I always say: “the country is just a handful of images of belonging”. It makes me think that the homeland is what we imagine of it. In this sense, Bolivia has always been ruled by very colonial codes: People who came, saw us and took the exotic, for example a llama, a poncho or coca. What the Bolivian, even the creator of images here, has done is suck the finger that points us telling what we are and what we are not. My work, I believe, aims to challenge those imaginaries that seem obsolete to me. 

-However, this is a look that stills exist, right? 

If I show the photos I take to my grandmother, she would ask me to remove the virtual reality lenses to make it more “pure”. There is a idea of purity that is interpreted as “denying” the mark of the West. In the political speeches over the last decades in Bolivia it has been polarized in unpredictable ways the idea of “this is the indigenous” and “this is the stranger or urban”. That is why I consider that my project has a political character. Sartre spoke of “the political capacity of fiction “, of having the capacity to imagine other worlds. If we cannot imagine it, is very difficult to change it. This is what I think about in my work.  

-Is there, in Bolivia, a previous tradition of that look? 

From the photography I could say (and maybe it would sound pretentious) that it is not a common place to look at these indetermined identities; but from contemporary Bolivian art, it is. At this moment the contemporary Bolivian art has a lot of lights of young people like Marisol Méndez o Aldair Montaño working very well, and other contemporary artists like Gastón Ugalde, José Ballivián, Iván Cáceres… Also many sociologists and anthropologists speak of the Bolivian imagination that has always been in a constant crisis because this is a pluricultural/multicultural country and also because of the modern history of wars and territorial loss. This new batch of contemporary Bolivian artists is doing something interesting with all this history and my work is a result of that. 

– How was this work born? 

When I was studying I saw an African photo, who had a lot of combinations of foreign and own codes. This was impressive because it has to do with this black identity crisis. I found myself reading The Little Prince on the subway and when I read it for the first time I started to dream transgressively, I asked myself things like: “What would an African Little Prince be like?”. Then it was: “why do I have to talk about Africa?” There, the idea of a Bolivian, from the Andes, Little Prince was born. 

-How was the process?

I was conceptualizing for about four months; then another four months of production and another four months of editing and setting the book, which has already been printed. All photos were taken with a team traveling around the Bolivians Andes. We made two trips, one for investigation and another for production. 
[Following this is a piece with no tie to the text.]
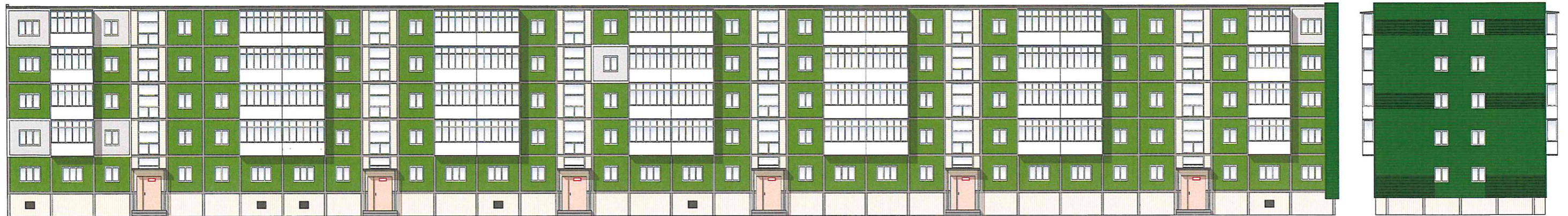
Схема возможных мест размещения информационных конструкций (вывесок), информационных табличек, указателей и витрин, входных групп и их отдельных элементов с условными обозначениями и размерами: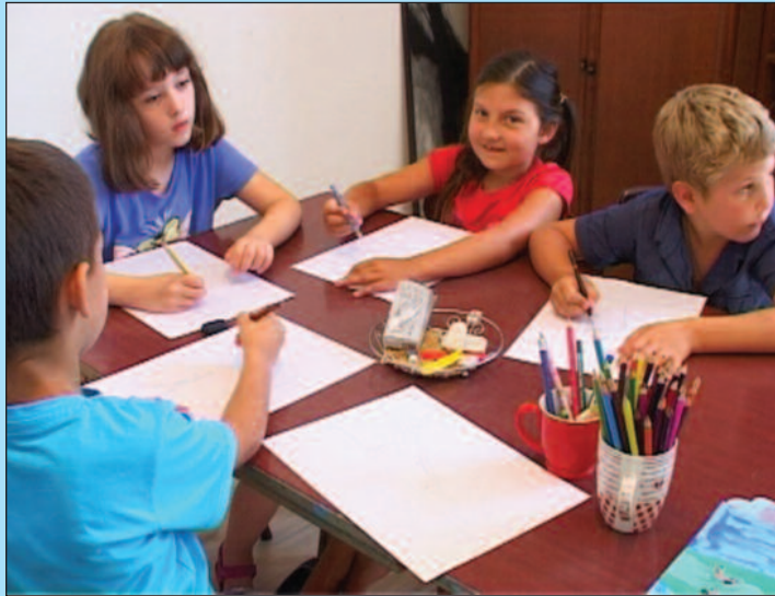
Уче да правилно цртају, правилно гледају и сликају

- Уписала сам се пре неки дан. Много волим сликање, то је био мој сан. Кад порастем бићу сликарка. Овде је прелепо,

-How did you find out the main characters?

In the first trip we launched a casting of many of the characters, we didn’t find all of them at that moment but most of them we did. In that process there were many “no” and many “why?” The man with the virtual glasses, for example. I didn’t know him but this photo was taken after we took pictures at La Puerta del Sol. He was around there and was curious, so we started talking and after a couple  of hours later he was ready. He had a lot of fun, my processes are very collaborative, I like that the person understands why we do the things we do, we talk a lot. I have very beautiful photos of him, I asked him to imagine that he was interacting with the Inti, I told him “shake your hands with the sun” and he reacted as I expected: he raised his hands towards the sky. This process makes the photos much richer and it becomes more natural, more organic.

– To what extent did you planned that the result “resemble” the original Little Prince? 

There is a magic, a feeling you have of “I don’t know if this photo makes reference to this character or I imagine it”. We planned something new but the original bookhat does give guidelines. I saw all the illustrations in the original book and I drew the photos long before I made them. In fact, the sketches do refer to specific things but we leave them on the air, without a caption so they can play in their own universe.